## YOUR TASK
Word for word, copy the line containing "有見及此,有人感慨「啲人買條" and every line after it in the records below, leaving pictures out.

## Records contained in a dataset
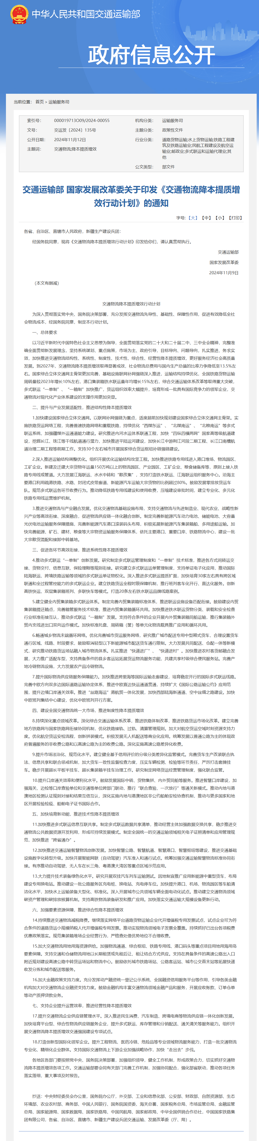 IT之家 11 月 12 日消息,今日,交通运输部、国家发展改革委发布关于印发《交通物流降本提质增效行动计划》的通知。
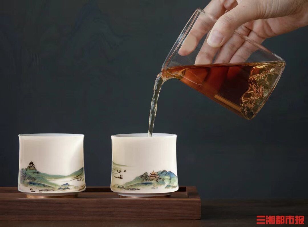 团队基于中国湖南省、日本滋贺县结缘的胜景——洞庭湖、琵琶湖以及两湖畔屹立的岳阳楼与彦根城展开设计,在晶莹剔透的白瓷双盏杯上呈现出两省县自然、人文的代表性元素。“湘瓷茗杯”高6厘米,直径6.5厘米,以白瓷为载体,釉下五彩为表现形式,采用德国进口金水、手工描绘,经1330度以上高温烧制,其胎骨细柔坚致,温润如玉,剔透光滑,器体在光线照耀下,可映见指影,叩之其音清悦悠扬,犹如敲击金属,铿然作响。作品体现了“文明互鉴、创新融合、合作共赢”的主题理念,象征美美与共,和而不同。
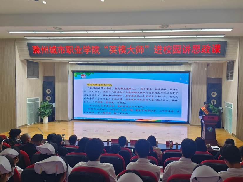 为深入学习贯彻党的二十大精神,深入开展学习贯彻习近平新时代中国特色社会主义思想主题教育,落实教育部等十部门关于印发《全面推进“大思政课”建设的工作方案》,激励和鼓舞大学生传承劳模精神、弘扬工匠精神,把劳模精神融入大思政课,创新思政课教育形式,5月11日下午,我校联合滁州市总工会在图文中心四楼报告厅举办“凝心铸魂跟党走 团结奋斗新征程”劳模宣讲暨“英模大师”进校园讲思政课活动。活动邀请了全国五一劳动奖章获得者、滁州市第一人民医院呼吸与危重症医学科二病区主任、副主任医师芮晓燕,安徽省先进工作者、琅琊区教育体育局工委委员、教研室主任曹文龙,为师生们讲了一堂别开生面的“大思政课”。滁州市关工委副主任朱荣、校党委副书记牛春雨出席活动,各部门负责同志、思政课教师、团干、青年学生共200余人参加活动。活动同时通过网络“云端”同步直播,引起青年学子热烈反响。
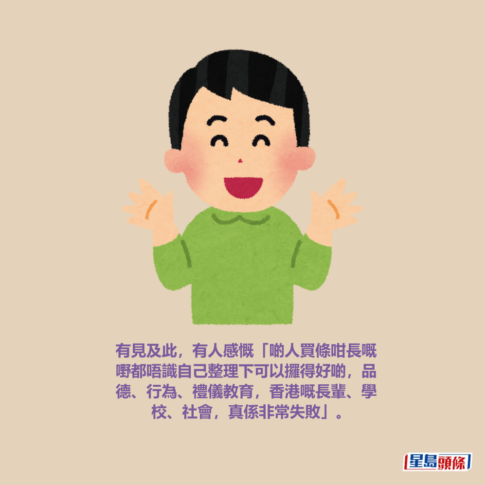 有見及此,有人感慨「啲人買條咁長嘅嘢都唔識自己整理下可以攞得好啲,品德、行為、禮儀教育,香港嘅長輩、學校、社會,真係非常失敗」。
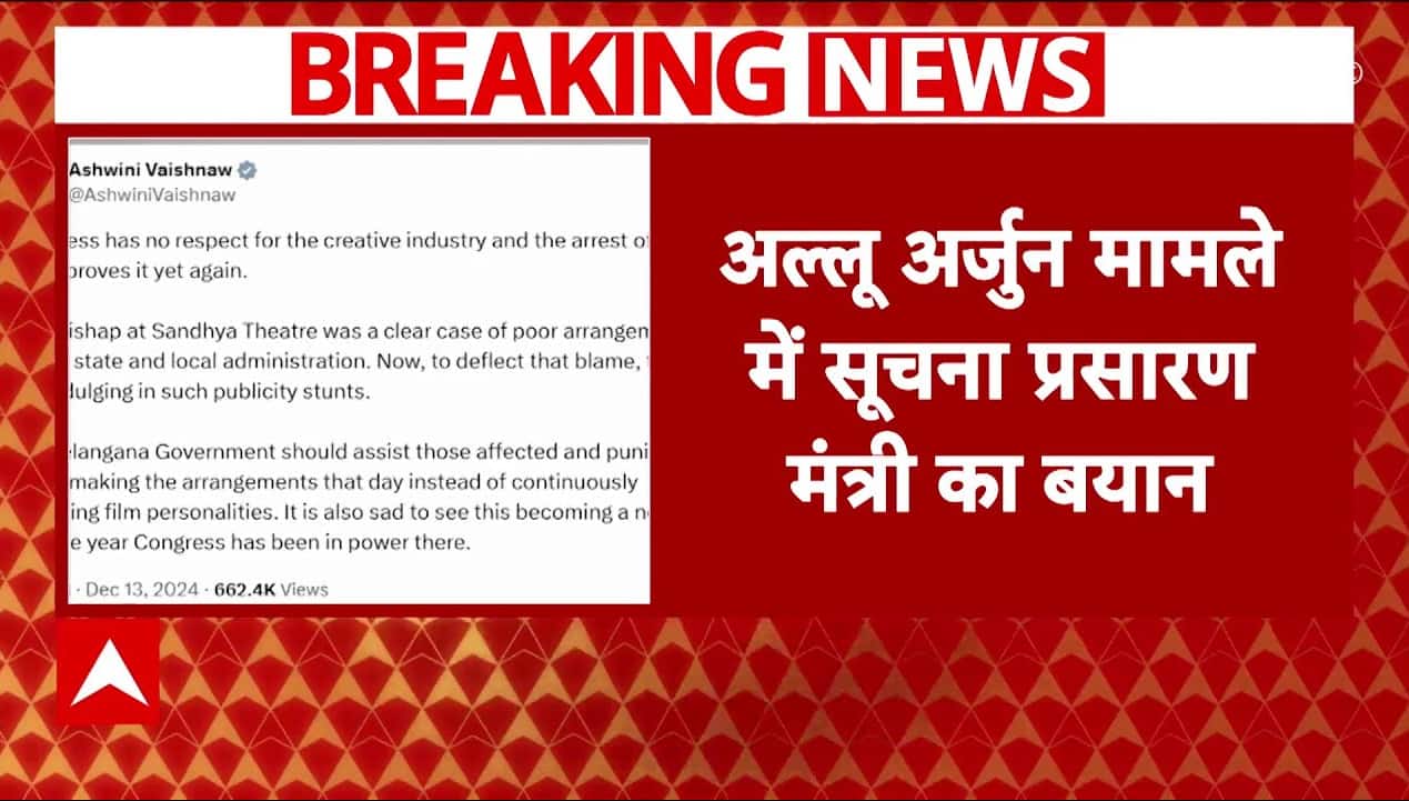 Allu Arjun Released From Jail : अल्लू अर्जुन मामले को लेकर केंद्रीय मंत्री अश्विनी वैष्णव का हमला

## ANSWER FOR THE TASK
 有見及此,有人感慨「啲人買條咁長嘅嘢都唔識自己整理下可以攞得好啲,品德、行為、禮儀教育,香港嘅長輩、學校、社會,真係非常失敗」。
 Allu Arjun Released From Jail : अल्लू अर्जुन मामले को लेकर केंद्रीय मंत्री अश्विनी वैष्णव का हमला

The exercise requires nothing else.